Introduction/Background Swyer syndrome is a rare condition that presents with individuals having female phenotypic characteristics, a 46, XY genotype and preserved Müllerian structures. The nonfunctional dysgenetic gonad in these individuals carries a risk of malignant transformation, including conditions such as dysgerminoma and gonadoblastoma.

In this report, we present a case of bilateral gonadoblastoma attributable to Swyer syndrome. The significance of this case lies in its rarity and highlights the crucial importance of accurate diagnosis in 46,XY women for appropriate management.

Methodology The report details the clinical characteristics, laboratory, imaging, histopathology, management and follow-up findings of a twenty year-old patient with Swyer’s syndrome. The case study and presentation were conducted with the patient‘s permission.
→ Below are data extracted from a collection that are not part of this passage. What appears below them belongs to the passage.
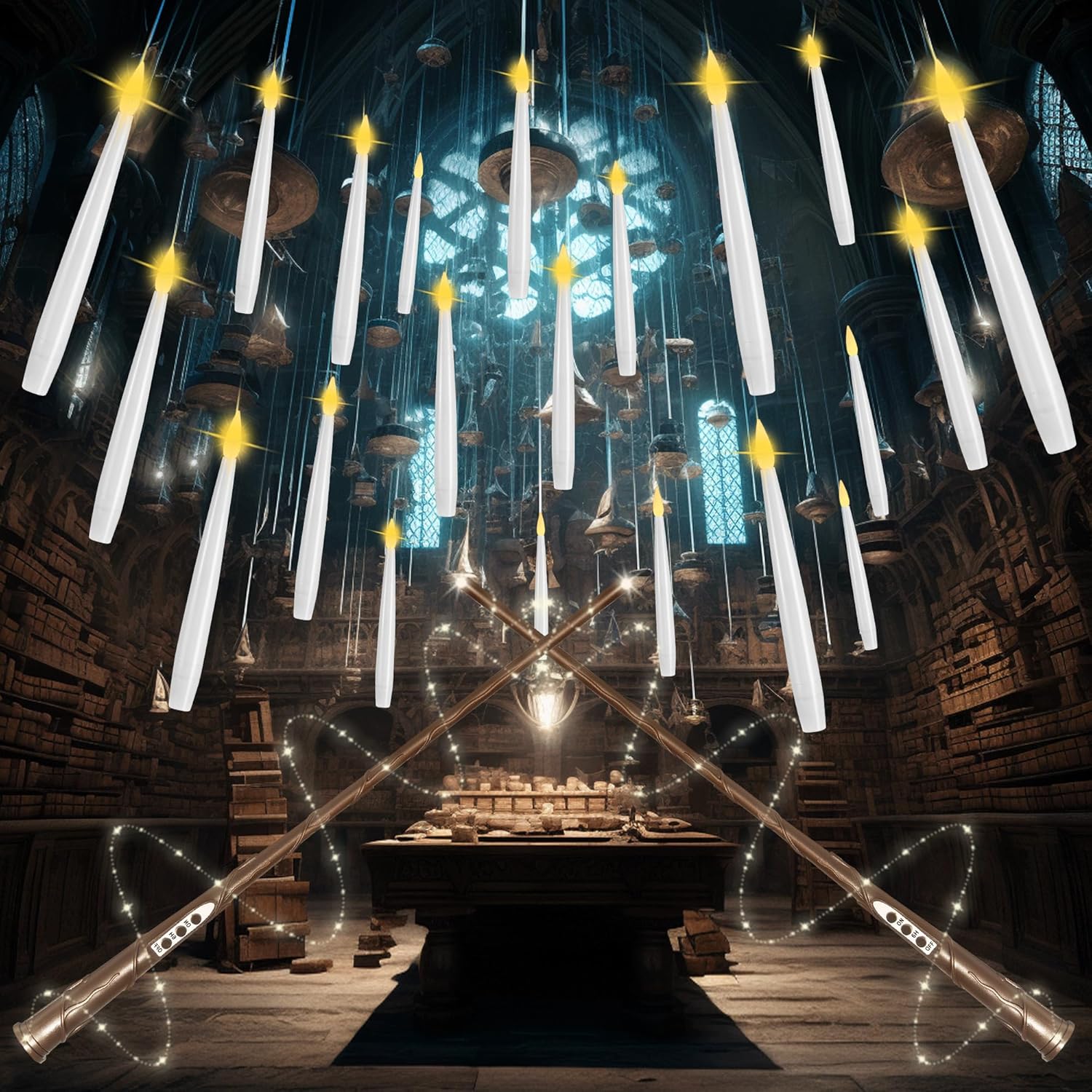 - 🔮MAGICAL GIFTS FOR FAMILIES🔮 Different from other floating candles, our magic LED candles have 2 lighting modes: Always on and flicker like real candles. Use your magic wand to control the candles and practice your magical skill. 3D realistic flicker design looks like a real taper candle flame flickering. Meanwhile, there is absolutely no fire or burning danger, you will have perfect ambient evenings with peace of mind.
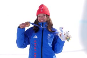 Zoe Atkin won women’s ski halfpipe bronze in Livigno on Sunday to claim Great Britain’s fifth medal of their record-breaking
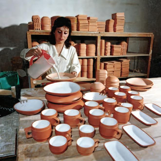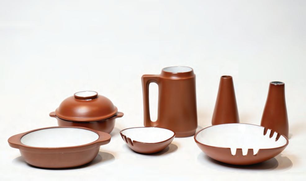 La serie de objetos seleccionados tienen en común la materialidad y la producción seriada. El gres es un tipo de pasta cerámica que permite espesores más finos que la cerámica de bazar y más gruesos que la porcelana. Se cuece a altas temperaturas para obtener un material resistente, impermeable y refractario. Es conocido por su durabilidad y resistencia a líquidos y cambios de temperatura. Los productos de Colbo recibieron la Etiqueta Roja de Buen Diseño del CIDI en 1967 y un reconocimiento en la sección “Industrias no convencionales” de la Feria Uvexpo en 1971. El esmalte es decorativo y funcional, actúa como una capa protectora e impermeable, que es indicativa de la función y optimiza la higiene. La morfología de esta vajilla nació de un accidente creativo: como el gres se deforma al ser horneado en lugar de pelear contra molinos de viento, se capitalizó el conocimiento y así surgió la forma triangular característica.
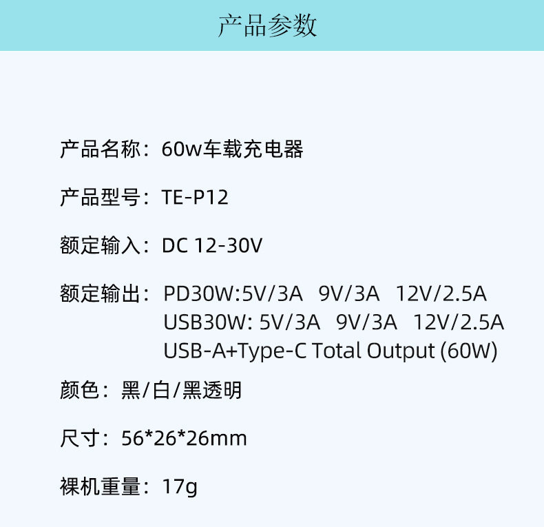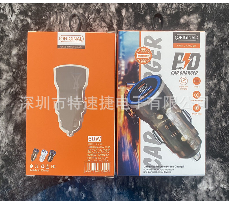 | Feature 2 | Transparent 60w super fast charging car charger |
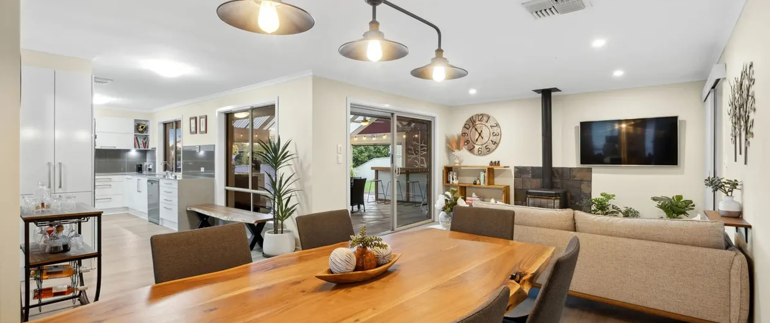 - Open plan living, dining and kitchen area with heater, making the perfect space to entertain
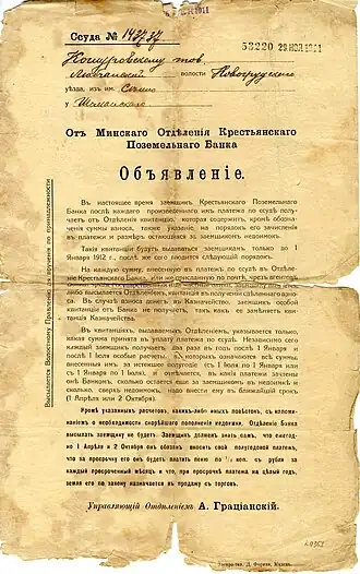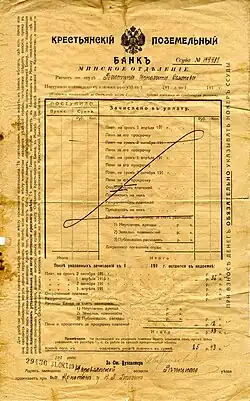 - ↑ Скалон В. Ю. Крестьянский поземельный банк // Энциклопедический словарь Брокгауза и Ефрона : в 86 т. (82 т. и 4 доп.). — СПб., 1890—1907.

Results A twenty-year-old patient consulted for primary amenorrhea. Phenotypically, she had normal female external genital organs. However, her secondary sexual characteristics were underdeveloped for her age. Pelvic ultrasound of the patient revealed a hypoplastic uterus with no evidence of an ovary or testicle-like structure. Laboratory tests revealed hypergonadotropism and hypogonadism. Karyotyping revealed a 46, XY karyotype. Based on these features, the diagnosis of Swyer syndrome was established. For the etiological investigation, within the context of gonadal dysgenesis, we conducted a molecular study of the SRY gene, which did not reveal the presence of any pathogenic variants. The patient was planned for prophylactic laparoscopic gonadectomy. Bilateral salpingo-oophorectomy was performed, along with peritoneal washing cytology. The cytology of the ascites was negative and histopathological examination revealed gonadoblastoma in both gonads. After surgery, the patient was placed on hormone replacement therapy, vitamin supplementation, and received psychological support.
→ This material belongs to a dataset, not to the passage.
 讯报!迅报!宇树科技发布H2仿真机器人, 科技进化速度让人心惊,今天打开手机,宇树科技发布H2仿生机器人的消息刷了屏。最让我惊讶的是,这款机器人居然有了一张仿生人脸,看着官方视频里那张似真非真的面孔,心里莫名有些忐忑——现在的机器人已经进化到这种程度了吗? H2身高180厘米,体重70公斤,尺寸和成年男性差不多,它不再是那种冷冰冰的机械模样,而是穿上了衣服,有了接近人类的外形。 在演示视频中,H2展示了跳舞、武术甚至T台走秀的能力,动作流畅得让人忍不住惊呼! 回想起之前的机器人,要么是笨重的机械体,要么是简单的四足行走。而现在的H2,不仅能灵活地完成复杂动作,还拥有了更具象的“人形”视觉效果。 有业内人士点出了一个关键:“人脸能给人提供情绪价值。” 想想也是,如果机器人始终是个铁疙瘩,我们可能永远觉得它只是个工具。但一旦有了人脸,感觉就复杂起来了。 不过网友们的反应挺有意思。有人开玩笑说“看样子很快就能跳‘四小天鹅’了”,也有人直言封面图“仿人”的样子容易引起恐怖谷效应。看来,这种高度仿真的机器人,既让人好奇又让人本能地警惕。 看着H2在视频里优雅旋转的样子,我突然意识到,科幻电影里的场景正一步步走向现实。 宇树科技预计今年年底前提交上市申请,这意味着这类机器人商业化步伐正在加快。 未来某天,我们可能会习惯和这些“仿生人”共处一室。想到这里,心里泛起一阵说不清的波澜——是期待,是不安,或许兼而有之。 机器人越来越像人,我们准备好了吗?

Conclusion While Swyer syndrome is a rare condition, it should be considered as a potential diagnosis in cases of primary amenorrhea. Early and accurate diagnosis is essential, as it allows for prompt gonadectomy to mitigate the increased risk of gonadal malignancy associated with Swyer syndrome.

Disclosures The authors have no conflicts of interest to declare. All co-authors have seen and agree with the contents of the manuscript and there is no financial interest to report. The case study and presentation were conducted with the patient‘s permission.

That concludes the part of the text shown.